The State Index on Youth Homelessness is an evaluative tool created through a partnership between the National Homelessness Law Center and True Colors United. Its primary aim is to assess the efforts of U.S. states in addressing and preventing youth homelessness. The index serves as a comprehensive guide to state policies, systemic barriers, and environmental challenges that affect young people experiencing homelessness, especially those between the ages of 12 and 24.

== Background ==
Youth homelessness is a significant issue in the United States, with estimates indicating that millions of young individuals face homelessness at some point. In response to this crisis, the National Homelessness Law Center and True Colors United collaborated to create the State Index on Youth Homelessness. The index, first introduced in 2018, provides an annual evaluation of the states' performance in addressing youth homelessness. It highlights key areas of concern and serves as a benchmark for assessing progress and identifying areas needing improvement.

== Methodology ==
The State Index on Youth Homelessness employs a scoring system out of 100 points, based on a set of comprehensive metrics. These metrics cover various aspects of policy and practice, including:

- Legal protections for homeless youth, such as those related to civil rights and non-discrimination.
- The accessibility and effectiveness of services and support systems aimed at homeless youth.
- Measures to decriminalize homelessness and prevent punitive actions against homeless youth.
- Provisions for unaccompanied homeless youth to seek legal independence and consent.
- Specific considerations for the needs of LGBTQ youth and racial minorities, who are disproportionately represented in the homeless youth population.

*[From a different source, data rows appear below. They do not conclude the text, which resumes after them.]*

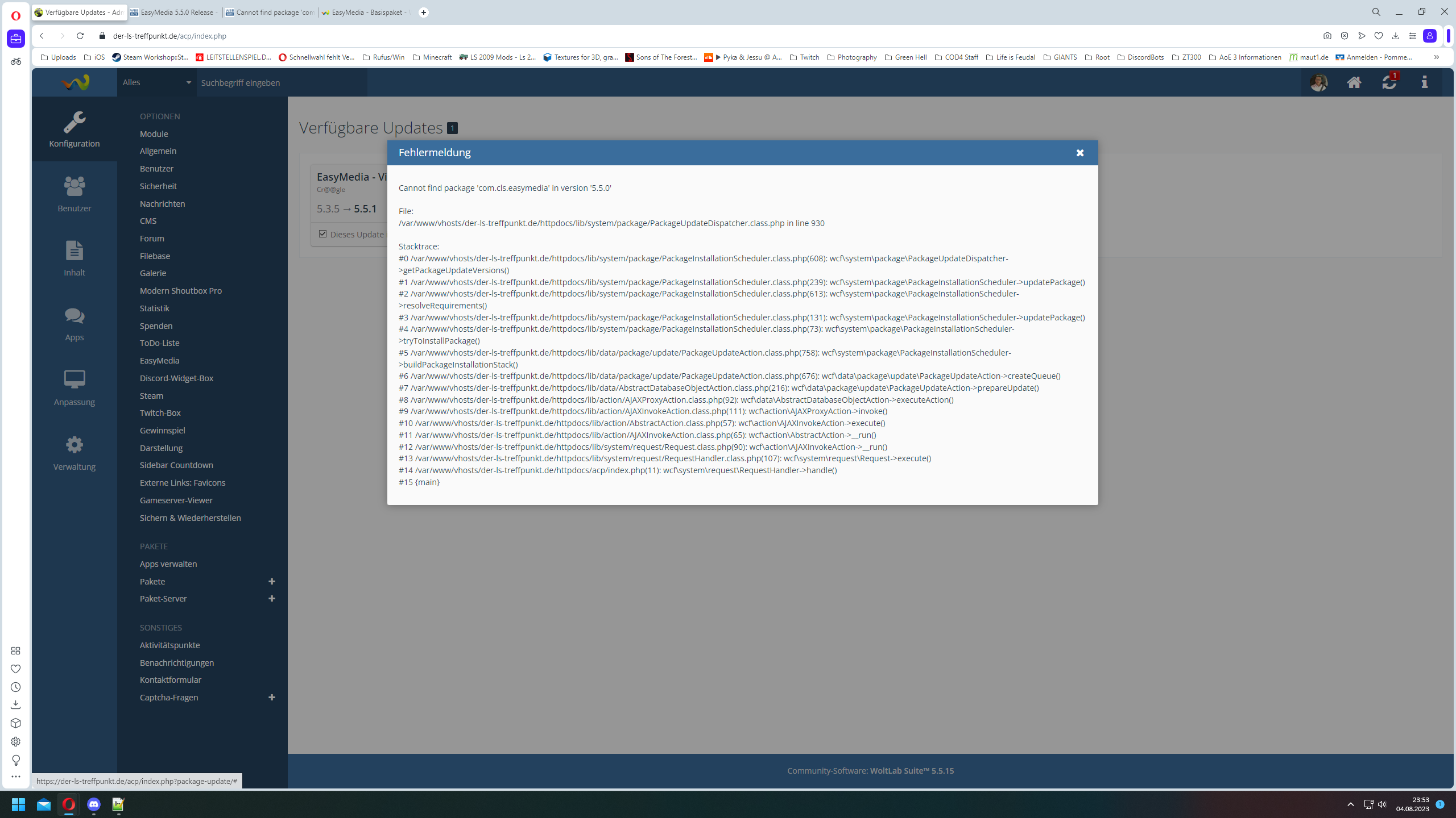Hallo ich habe seit heute nach dem Update auf Version: 5.5.2 folgende Fehlermeldung.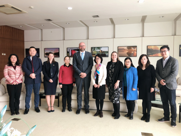 3月29日,由英國中央蘭開夏大學國際運營副校長Tim Steele帶隊的代表團來我校進行訪問,我校副校長陳潔、國際交流處處長鄒囡囡、國際商務外語學院副院長王艷艷等接待了英方代表團并舉行了會談。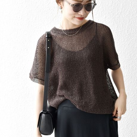 首元は開きすぎないクルーネックで、シアー素材ながらも安心感があって◎
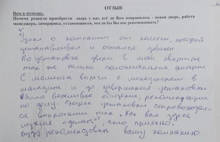 Узнал о компании от коллеги, который устанавливал и остался доволен. По установке двери в моей квартире также только положительные эмоции. С момента встречи с менеджером в магазине и до завершения установки было вежливое общение, рекомендации по делу. Процесс установки сопровождался вопросами типа "Как вам здесь лучше сделать?", что приятно. Буду рекомендовать вашу компанию.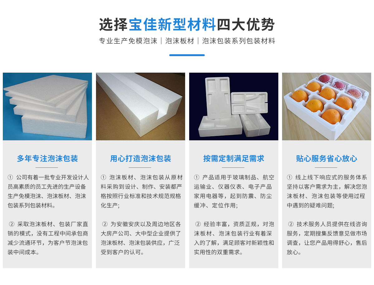 - 懷寧縣寶佳新型材料有限公司是泡沫包裝專(zhuān)業(yè)生產(chǎn)商,公司致力于產(chǎn)品內(nèi)包裝的設(shè)計(jì)和生產(chǎn)為客戶(hù)解決產(chǎn)品的防震緩沖、定位和保溫等包裝問(wèn)題本公司有著一批開(kāi)發(fā)設(shè)計(jì)人員高素質(zhì)的...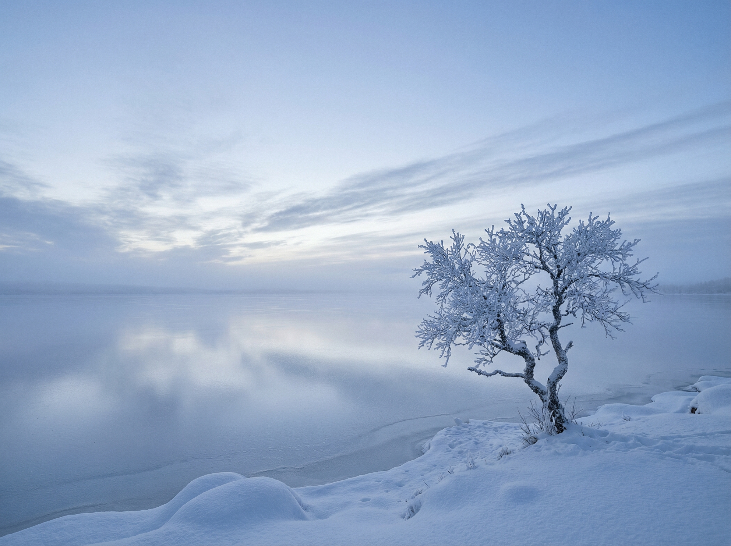 One tree. One sky. One frozen plane where they become the same thing. The lake holds its breath and the world …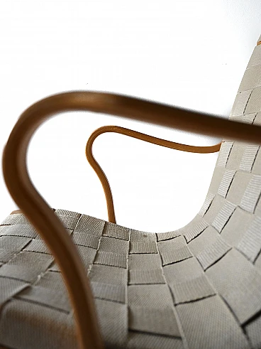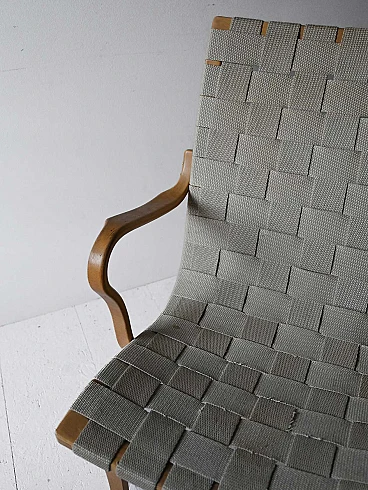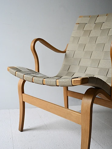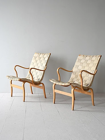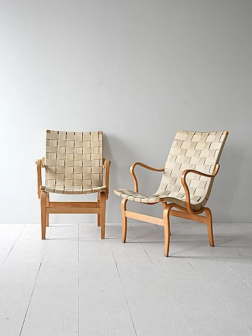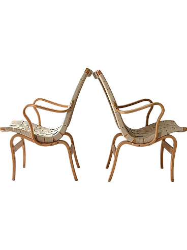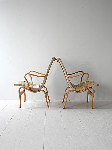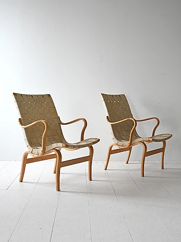 Coppia di poltrone modello "Eva" disegnate da Bruno Mathsson, con struttura in legno curvato e seduta in tessuto intrecciato. Iconico design scandinavo degli anni '40.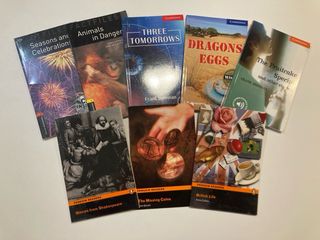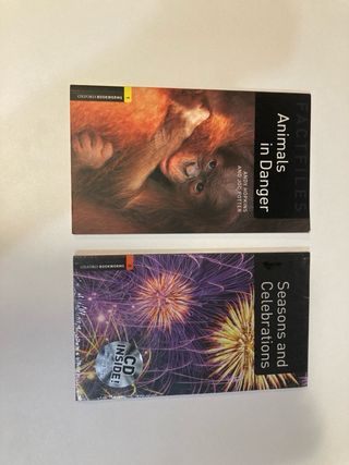 Libros en inglés para varios niveles (4€ cada libro. 30€ todos) Cambridge: - “Three Tomorrows” (nivel A1) - “The Fruitcake Special” (B1) - “Dragons’ Eggs” (B2) (NO DISPONIBLE) Penguien Readers: - “The Missing Coins” (Level 1-Beginner) - “British Life” - “Stories from Shakespeare” (Level 3-Pre-Intermediate) Oxford: - “Animals in Danger” (Stage 1) - “Seasons and Celebrations” (Stage 2)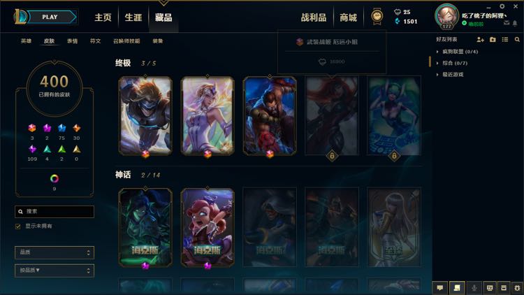 首页 > 租号大厅 > 英雄联盟 > 联盟二区/战争学院 > 全英雄黑龙虾海克斯年限等各种极品皮肤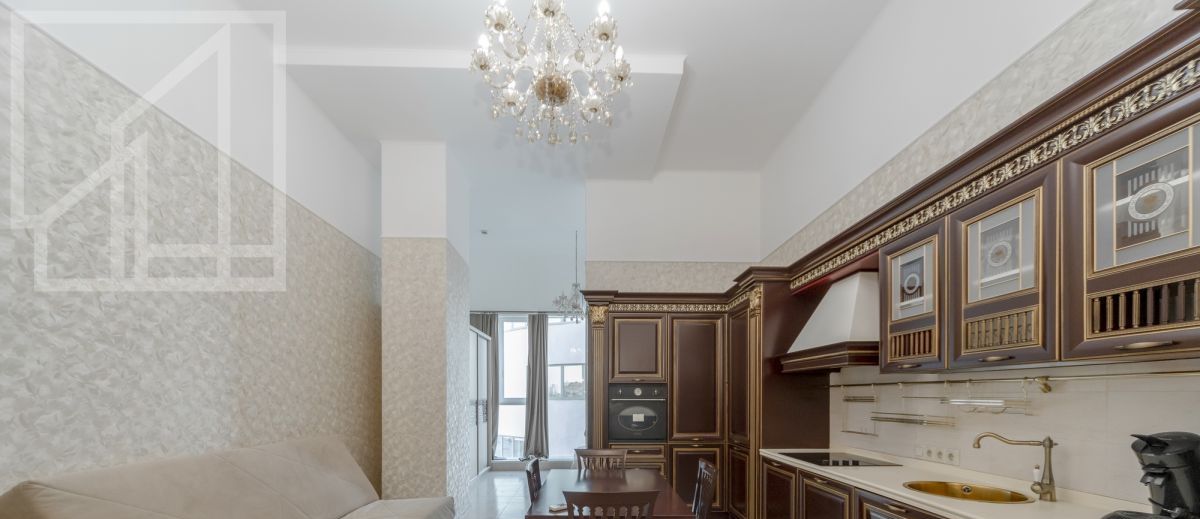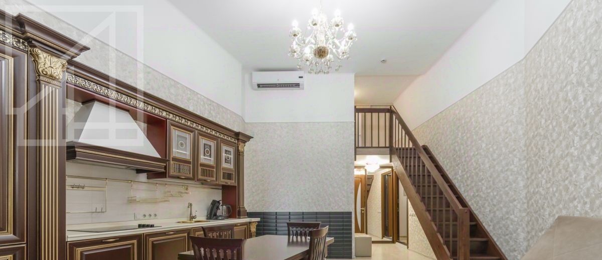 Планировка: кухня, спальня, совмещенный санузел с джакузи. Есть гардеробная комната. Высота потолков 4 м. Ремонт в уникальном авторском стиле. Квартира полностью меблирована, оснащена всей необходимой бытовой техникой для комфортного проживания.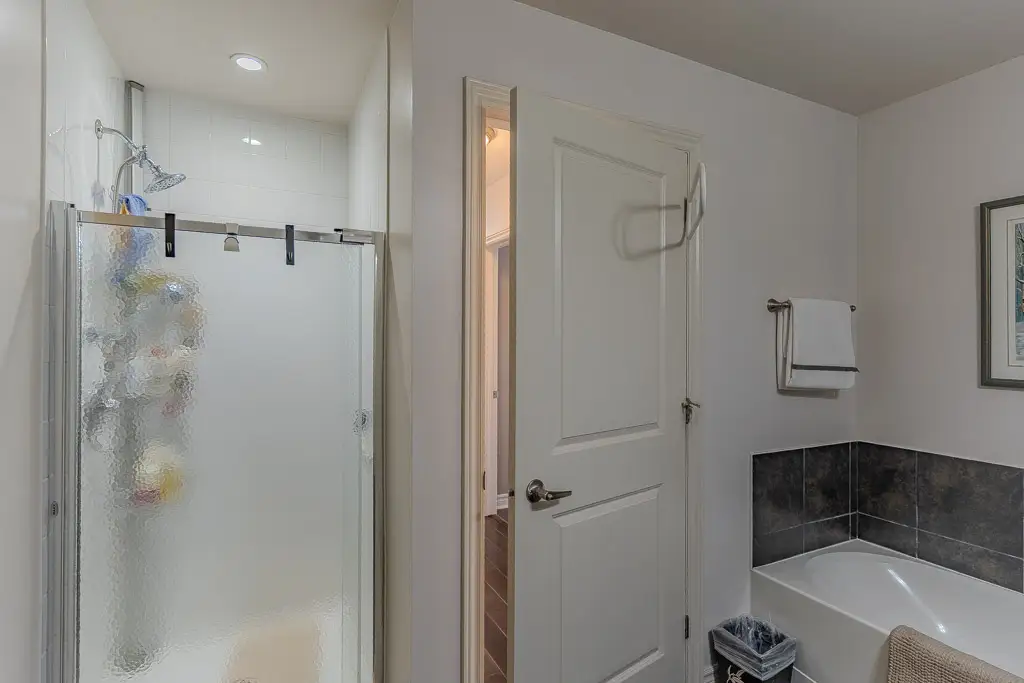 Inside, the suite is in immaculate condition, showcasing 9-foot ceilings, gleaming hardwood floors, and ceramic tile throughout. The inviting layout features two spacious bedrooms, including a primary suite with a generous walk-in closet and a luxurious full bathroom with a deep soaker tub and separate glass shower. A stylish powder room adds everyday functionality and convenience for guests.

Each state's performance is evaluated against these metrics, with higher scores indicating a more robust and effective response to youth homelessness.

== Findings ==
Key findings from the State Index on Youth Homelessness have shed light on the varied landscape of state responses to youth homelessness:

- Many states lack inclusive protections and support systems for LGBTQ youth, contributing to their overrepresentation in the homeless population.
- There is often a lack of coordination and consistency in state policies, leading to gaps in legal protection and service provision for homeless youth.
- States with higher scores tend to have comprehensive plans to end homelessness, entities dedicated to youth homelessness, and laws that protect the rights and dignity of homeless youth.
- The index has noted an improvement in state scores over time, indicating a growing awareness and response to the issue of youth homelessness.

== Impact ==
Policymakers, advocates, and service providers utilize the index to inform their efforts, advocate for necessary changes, and allocate resources effectively. The index also serves an educational purpose, raising awareness about the challenges faced by homeless youth and the policy measures that can make a difference.

== Reception ==
The State Index on Youth Homelessness has been widely recognized for its comprehensive approach and its role in highlighting the plight of homeless youth across the United States. It has received acclaim for bringing attention to the issue and for providing clear, actionable recommendations for state governments. However, it has also faced scrutiny and critique, particularly concerning its methodology and the complexities of translating policy scores into practical outcomes for homeless youth.